セレーネはマナの素朴な優しさが嬉しくて手をとった。大きくてゴツゴツとした岩のような手だった。セレーネはマナの手に触れると体の内側から温かい気持ちになる。だからだろうか、彼女の中で不意にアンフェルに残してきた友人達の顔が浮かんだ。一人は髪の短い少女エフィ。いつも元気に笑ってセレーネを励ましてくれた。もう一人は寡黙だが、いつもそばで助けてくれた青年ジーン。二人とは幼馴染でいつも一緒だった。セレーネは、アンフェルが危機に瀕した時は救世主となるべく選ばれた存在だったため、子供の頃からその期待を一身に受けてきた。二人ともそれを分かって支えてくれていた。だから彼女自身いざとなれば身を呈してアンフェルを救うものだと思っていたし、エリスに来る時もその覚悟を持っていた。けれど、別れ際の悲しそうな二人の顔が彼女の脳裏にずっと焼き付いている。使命を果たすということは、二度と彼らには会えないという事だった。セレー

ネは、それでもアンフェルが救われるのなら構わないと自分の中の悲しみに目をつぶってきたのに、ふと思い出して胸が締め付けられた。

「セレーネ、どうしたの?」

マナがびっくりして尋ねた。彼女は自然と涙を流していた。

「どうしたのセレーネ?どこか悪いの?」

「ううん。マナ、大丈夫。なんでもないの。なんだか疲れたみたい…。だから少しの間だけこうさせて」

セレーネは手を伸ばしてマナを抱きしめた。マナの温かいエネルギーが彼女の中に流れこんでいく。マナはこの世界で彼女が触れられる唯一の存在だった。エリスはセレーネのようなアンフェルの人間にとっては危険な土地で、触れられれば溶けてしまう。けれどマナのお陰で彼女は旅を続けることができている。一人で背負っていた使命の重みがマナのお陰で和らいで、セレーネの張りつめていた緊張の糸がわずかに緩んだ。

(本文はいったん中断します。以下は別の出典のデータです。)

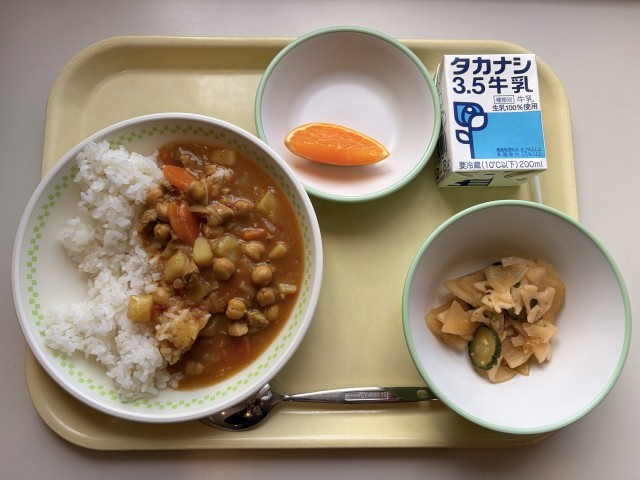 ひよこ豆入りチキンカレーライス、手作り福神漬け、清見オレンジ、牛乳です。

「マナ、私みんなを助けるためなら光になってもいいと思ってるの」

「?それどういうこと?」

マナは首をかしげた。

「光になってずっとみんなの傍にいて、みんなを守ることができるの。だから私はそのためにここへ来たの。そのために旅をしているの。大地のエネルギーを秘めた石がこの地のどこかにある。だからそれを使えばエリスもアンフェルも、みんなを守ることができる。マナ、私あなたのこと大好きよ。だから私、あなたのことも守りたい」

「うん。僕もセレーネの事大好きだから僕もセレーネの事守るね」

マナはぎゅっとセレーネを抱きしめた。マナのエネルギーがセレーネの消耗したエネルギーを満たしていく。セレーネはマナの温かいエネルギーに包まれたまましばらくの間目を閉じていた。